Inverting the Web 

@freakazoid What methods *other* than URL are you suggesting? Because it is imply a Universal Resource Locator (or Identifier, as URI).

Not all online content is social / personal. I'm not understanding your suggestion well enough to criticise it, but it seems to have some ... capacious holes.

My read is that search engines are a necessity born of no intrinsic indexing-and-forwarding capability which would render them unnecessary. THAT still has further issues (mostly around trust)...

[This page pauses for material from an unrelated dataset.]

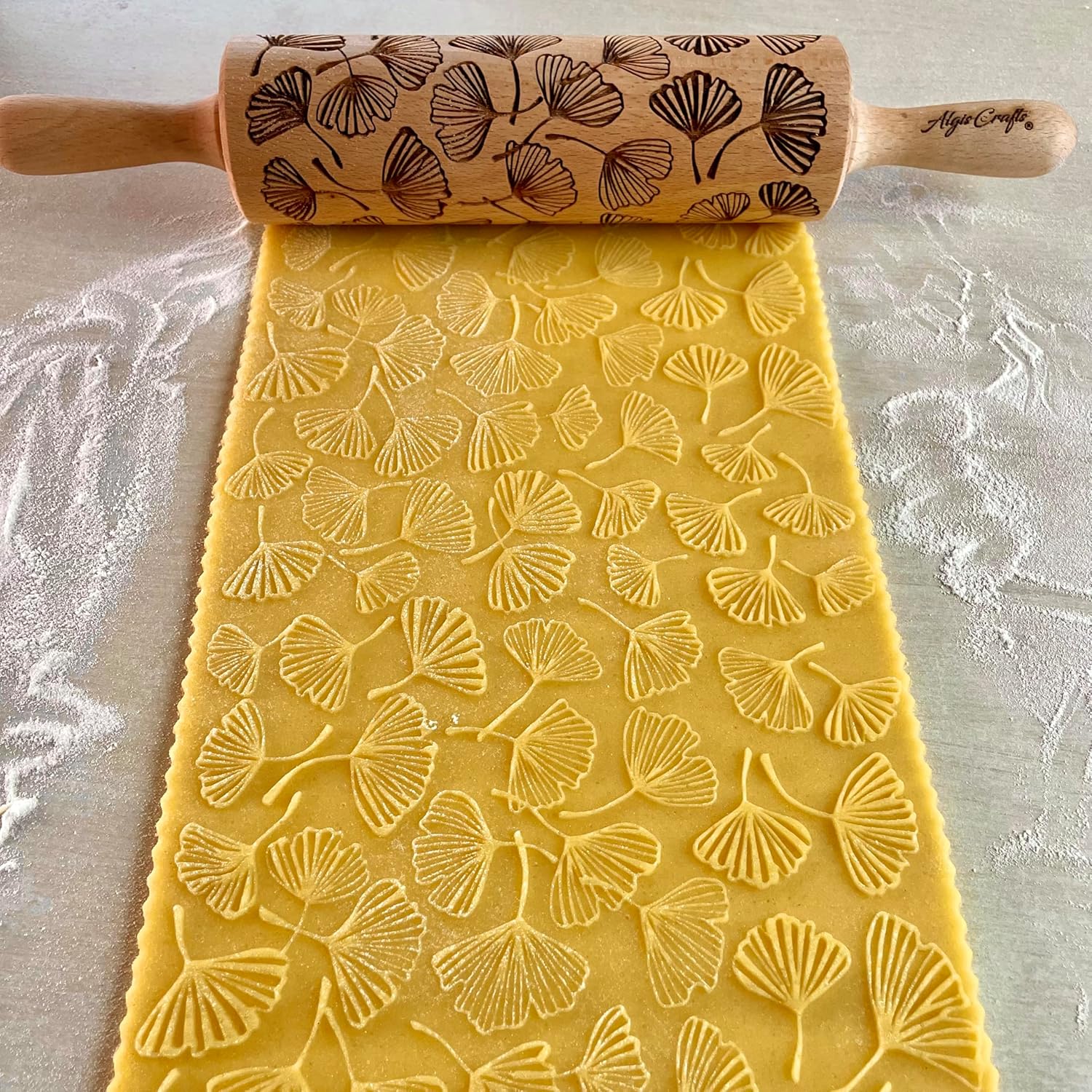 Embossing Rolling Pin GINKGO with Ginkgo Biloba Leaves Pattern – Dough and Clay Roller for Embossed Cookies and Pottery - Cookie and Ceramic Stamp - Baking Gifts for Women by Algis Crafts

@freakazoid ... and reputation.

But a mechanism in which:

1. Websites could self-index.
2. Indexes could be shared, aggregated, and forwarded.
4. Search could be distributed.
5. Auditing against false/misleading indexing was supported.
6. Original authorship / first-publication was known

... might disrupt things a tad.

Somewhat more:

NB: the reputation bits might build off social / netgraph models.

But yes, I've been thinking on this.


@enkiv2 I know SEARX is:

Also YaCy as sean mentioned.

There's also something that is/was used for Firefox keyword search, I think OpenSearch, a standard used by multiple sites, pioneered by Amazon.

Being dropped by Firefox BTW.

That provides a query API only, not a distributed index, though.

@freakazoid @drwho

@dredmorbius @enkiv2 @freakazoid YaCy isn't federated, but Searx is, yeah. YaCy is p2p.
@dredmorbius @enkiv2 @freakazoid Also, the initial criticism of the URL system isn't entirely there: the DNS is annoying, but isn't needed for accessing content on the WWW. You can directly navigate to public IP addresses and it works just as well, which allows you to skip the DNS. (You can even get HTTPS certs for IP addresses.)

Still centralized, which is bad, but centralized in a way that you can't really get around in internetworked communications.

@kick @enkiv2 @dredmorbius Not true; there are several decentralized routing systems out there. UIP, 6/4, Yggdrasil, Cjdns, I2P, and Tor hidden services to name just a few. Once you're no longer using names that are human-memorizable you can move to addresses that are public key hashes and thus self-certifying.

A system designed for content retrieval doesn't really need a way to refer to location at all. IPFS, for example, only needs content-based keys and signature-based keys.

@freakazoid @enkiv2 @dredmorbius I said _really_. None of those are human-readable (unlike IP). Non-human-readable systems miss the point of the WWW, web of trust stuff is awful and doesn't scale. Human readability in decentralized addressing is a solved problem (more or less) for addressing systems, but there's nothing good implementing the solution yet, so little point.

@kick I'm with you in advocating for human-readable systems. IPv4 is only very barely human-readable, almost entirely by techies. IPv6 simply isn't, nor are most other options.

Arguably DNS is reaching a non-human-readable status through TLD propogation.

Borrowing from some ideas I've been kicking around of search-as-identity (with ... possible additional elements to avoid spoof attacks), and the fact that HTTP's URL is *NOT* bound to DNS, there may be ways around this.

@enkiv2 @freakazoid

@kick I'll disagree with you that WoT doesn't scale, again, at least in part.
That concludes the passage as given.